I also run my home setup the same way, and send my offsite backups from home to an external drive plugged into my desktop at work. I’m using Comcast Business internet at home, so exactly the same internet service that a small business will be using. Pushing out the snapshots to offsite is much slower, but even on days I’m uploading gigabytes, it will eventually finish.
That is all on small servers that would be appropriately scaled for a small business. The petabytes of storage attached to our supercomputing cluster (on which I’m only a user) is fundamentally the same, just on a much bigger scale. Frequent snapshoting and replication, to whatever level each group is willing to pay for.
Here is an encryption whitepaper from Google for you - file verification is usually done as a subset of encryption when you are talking about this sort of infrastructure.
I think something totally missed here is budget, and I think any recommendation requires real and hard numbers. Does the OP have $5000 to spend, $500, nothing? A monthly fee to Google or Microsoft might actually be much easier to manage than coming up with $10,000 right now. Whenever I talk to people who do this kind of stuff at a corporate level, sometimes I need to remind them to pull back a bit. Downtime can be OK. The company isn’t losing millions of dollars for each minute the server is down. If the consumer PC based server is down for 45 minutes while replacing a non-hotswap drive in the RAID, so what? There’s other stuff people can be working on, and at least one employee is working on the server. And the cold-spare drive going into the server is kept on a shelf at Best Buy until needed.

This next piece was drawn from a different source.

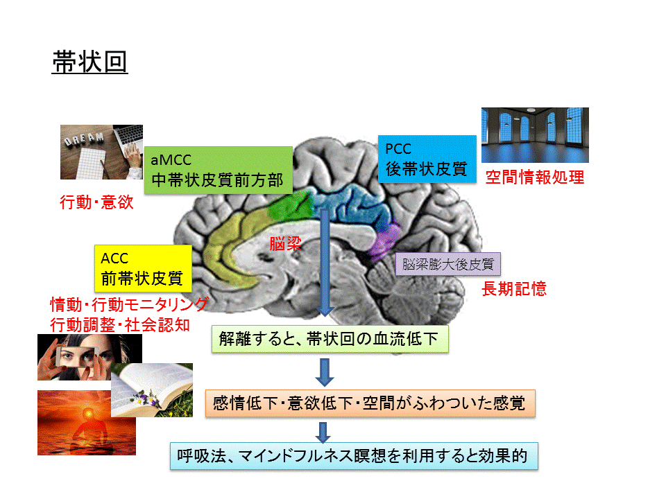 帯状回はいくつかの領域に分かれ、前帯状回(ACC)は社会と関わっていくシステム、前中帯状回(aMCC)は行動意欲に関わるシステム、後帯状回は空間認知に関わるシステムを有しています。

As stated in this thread many times, the thing that can’t be tolerated is data loss. Even if the budget is nothing, money might have to be found to guard against data loss.
That document describes your data as being encrypted with keys that are stored on a “key management service”… controlled and operated by Google. The 128-bit AES encryption also sounds a bit weak. Then again, by the point your business has to worry about corporate and government espionage, it should have procedures in place to protect its own data.
Regarding filesystems, a filesystem like ZFS checksums blocks of data using hash functions, unless you turn that feature off, which you would never, ever want to do- I have witnessed the occasional bit getting flipped.